In other areas, it made the most sense to modify software to achieve goals that the group considered a priority. "There are technical computing reasons to do things in different orders," Zody said. Marking duplicates, for example, is one area where they had to be more flexible. "[It] is a very computing-intensive process. And each center had different priorities for how they needed to be marked," he explained.

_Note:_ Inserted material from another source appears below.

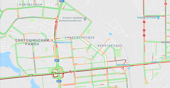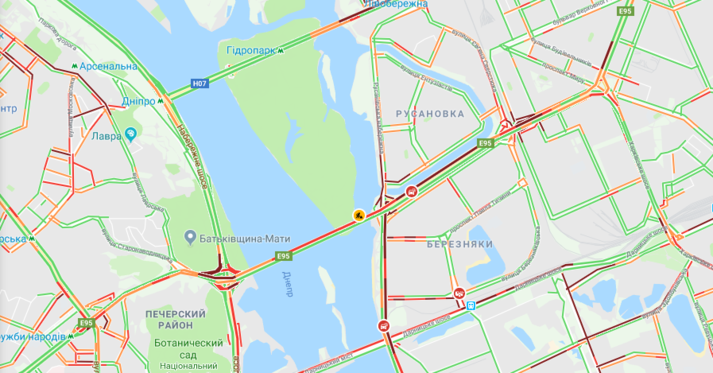 Затори спостерігаються також на Подолі, Набережному шосе, бульварі Дружби народів, бульварі Лесі Українки, проспекті Перемоги.

Another area where the process was a little more complicated was data storage. Several of the institutions already had relationships with particular cloud storage providers, for example. Ideally, the whole program would work with one cloud storage provider, since that is the most cost-effective way to store data, Matise said. That wasn't possible, but the institutions were able to simplify their needs to use two cloud-based services, Google Cloud Services and DNAnexus, alongside existing internal infrastructure at each respective institution, she added.
The researchers did work to optimize how they planned to store data. "We minimized the amount of information we were storing, but made sure we weren't taking anything away," Zody said. "The main goal of minimizing file size is to reduce storage costs, but reducing network transfer time is also a major consideration," he added.
While putting in much of the first year's efforts into this standardization may seem tedious, the result is that the centers can all have a higher degree of confidence that the sequences processed using these standards will be comparable, Neale said, although he noted there is still a lot of upstream variation in processing that may come into play.
The researchers finalized the pipeline standards in November, and have begun the first large wave of sequencing and data processing. They plan to publish the work on pipeline standardization later this year to ensure that it is publicly available to any researcher who wants to either use data from the project or have a baseline to start future large data processing projects.
One of the things that the group hopes will come out of the pipeline standardization is that it will help large data production processes have an easier time coordinating sequencing across different institutions. "One of the values of these large-scale projects it that it's the opportunity to establish these kinds of standards and best practices," Zody said. "While a lot of what we are doing looks similar to the 1,000 Genomes Project, we've updated it [to current sequencing methods]," he added.
Another benefit is that when an individual lab is doing a small-scale study, it could use the standardized pipeline for its sequence data, which would allow it to compare its data to the population database that the CCDG hopes to create, Hall said.